189 jonctions serrées et pourrait se relocaliser au niveau du noyau. De plus, la perte de ZO1 au niveau des jonctions intercellulaires libérerait ZONAB des jonctions lui permettant de réaliser son rôle de facteur de transcription au sein du noyau, ce qui pourrait expliquer l’augmentation des capacités prolifératives des tumeurs exprimant une forme mimant une perte de S421-P-HTT.

I.2. Les jonctions adhérentes

L’implication de la HTT dans l’adhésion intercellulaire ne se limite pas aux jonctions serrées. En effet, nous avons vu précédemment que la déplétion de la HTT ainsi que l’expression de la HTT-m pouvaient diminuer l’expression de la E-cadhérine et de β-caténine dans des lignées et tissus mammaires (Article 1 et Article 3, Moreira Sousa et al. 2013). La HTT est impliquée dans la régulation de la β-caténine, notamment dans sa dégradation et dans l’activation de la voie WNT (Gines et al., 2003; Godin et al., 2010b; Dupont et al., 2012). La β-caténine joue un rôle majeur (1) dans l’adhésion cellulaire en se localisant aux jonctions adhérentes par son interaction avec les cadhérines et (2) dans la signalisation cellulaire et la transcription comme coactivateur transcriptionnel de la voie WNT, impliquée dans la prolifération et la différentiation cellulaire (pour article de revue, voir (Kim et al., 2013)). Plusieurs études ont mis en évidence une accumulation de β-caténine et de armadillo, son homologue chez la drosophile, dans des modèles de la MH (Gines et al., 2003; Godin et al., 2010b; Dupont et al., 2012). La β-caténine est retrouvée accumulée dans des extraits de cerveaux post- mortem d’individus atteints de la MH et des souris modèles pour la MH (Godin et al., 2010b). Dans un contexte neuronal, la HTT interagit avec la β-caténine et son complexe de dégradation par son interaction avec β-TrCP (β-transducin repeat containing protein) et l’axine. La présence d’une expansion pathologique de glutamines dans la HTT-m diminue son interaction avec la β-caténine, qui se lie alors moins avec son complexe de dégradation, entraînant ainsi son accumulation toxique. L’inhibition de cette accumulation de β-caténine ou de la voie WNT lorsque la HTT est mutante est neuroprotectrice démontrant que cette voie de signalisation WNT/β-caténine participe à la toxicité induite par la présence de la HTT-m (Godin et al., 2010b; Dupont et al., 2012).

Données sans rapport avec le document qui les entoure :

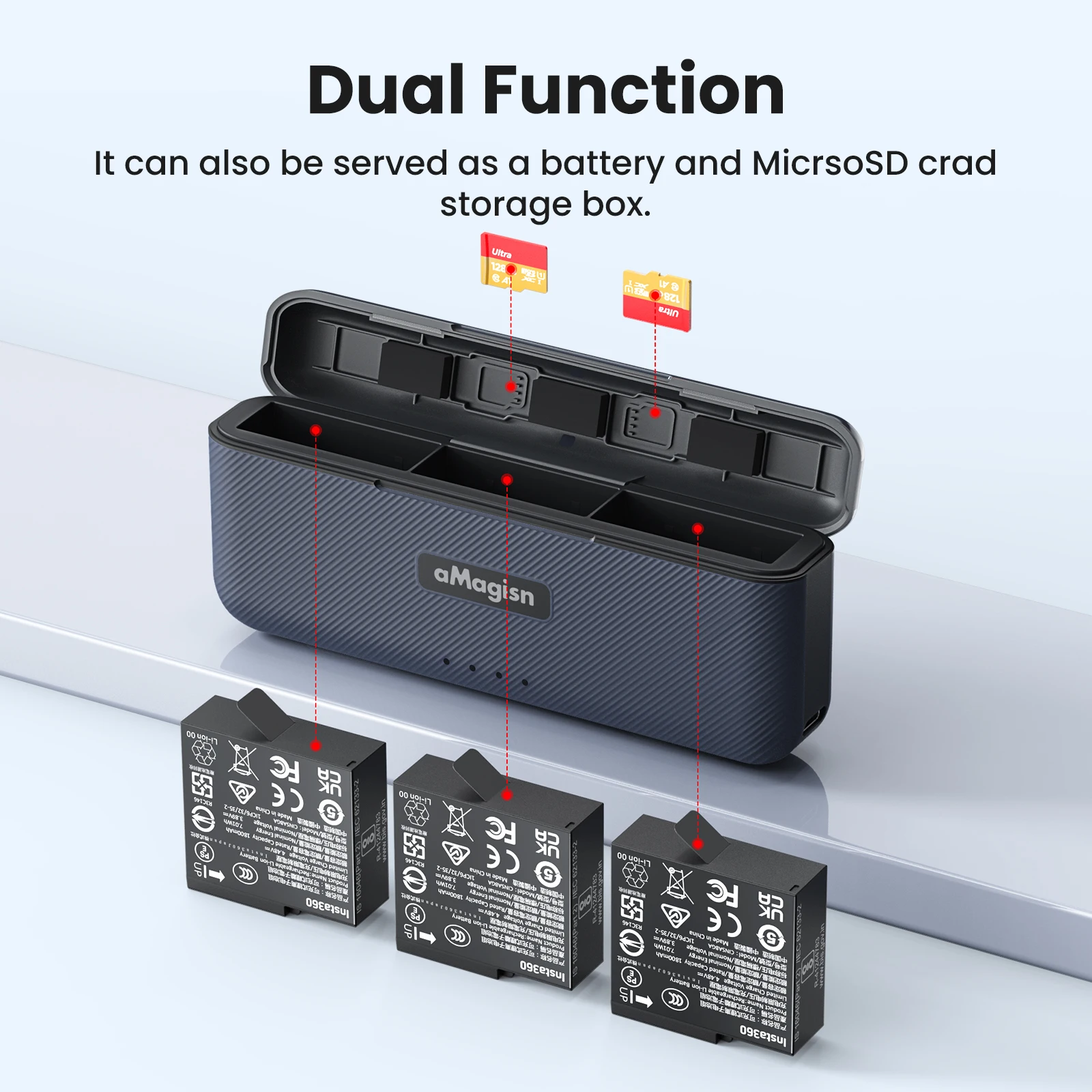 Insta360 Ace Pro 2/Ace Pro/Ace Fast Charge Hub L'alimentation mobile commute intelligemment le mode de charge en fonction de l'état de charge afin de protéger vos batteries. L'USB-C offre une puissance de sortie de 20 W pour le PD3.0, permettant de recharger rapidement votre téléphone portable ou votre caméra de sport Chargeur USB-C Pour Ace Pro 2 Hub De Charge Rapide Pour Insta360 X5 : Station De Stockage Batterie LED Portabl Hub Usb-c Batterie Camera Action Le concentrateur de charge permet un accès rapide au pourcentage de la batterie, à la tension, au courant, au nombre de cycles et à la température sans nécessiter de source d'alimentation externe, vous tenant informé de l'état de la batterie à tout moment. Vérification de l'alimentation à une touche: Aucune alimentation externe nécessaire-insérez simplement la batterie pour afficher instantanément les données clés (tension, nombre de cycles, etc. Le hub de charge permet d'accès rapide aux pourcentages de la batterie, de tension, de courant, de comptage de cycle et de température sans nécessitant une... Technologie de charge mixte intelligente: Comprend des algorithmes intelligents pour identifier automatiquement les caractéristiques chimiques des batteries Ace Pro 2 (4,48 V) et Ace Pro/Ace (4,40 V), en appliquant des courbes de charge sur mesure pour une charge mixte sûre et efficace sur différents modèles. ), ce qui facilite la surveillance de l'état de la batterie pour une prise de vue sans souci en déplacement. La puissance totale de 24 W optimise la vitesse et la sécurité, idéale pour les demandes de prise de vue à haute intensité. Charge rapide sûre et gestion thermique: Conçu avec une protection multi-circuits et une surveillance de la température pour assurer une charge rapide sûre et à basse température.

Nous n’avons pas observé de diminution majeure de E-cadhérine ni de β-caténine dans la plupart de nos modèles cellulaires et murins. Cependant, dans les cellules 4T1, la diminution de la HTT entraîne une réduction de l’expression de E-cadhérine et de β-caténine. Cette différence pourrait être due aux spécificités et origines des lignées mammaires utilisées au cours de nos études. Il serait intéressant de déterminer si la phosphorylation de la HTT à la sérine 421 est impliquée dans la régulation de la dégradation de la β-caténine. La HTT phosphorylée pourrait réguler l’équilibre entre localisation membranaire, dégradation et localisation nucléaire de la β-caténine. Il est aussi envisageable que la S421-P-HTT module directement l’interaction de la HTT avec ZO1 et la β-caténine ou encore qu’elle module la localisation de β-caténine.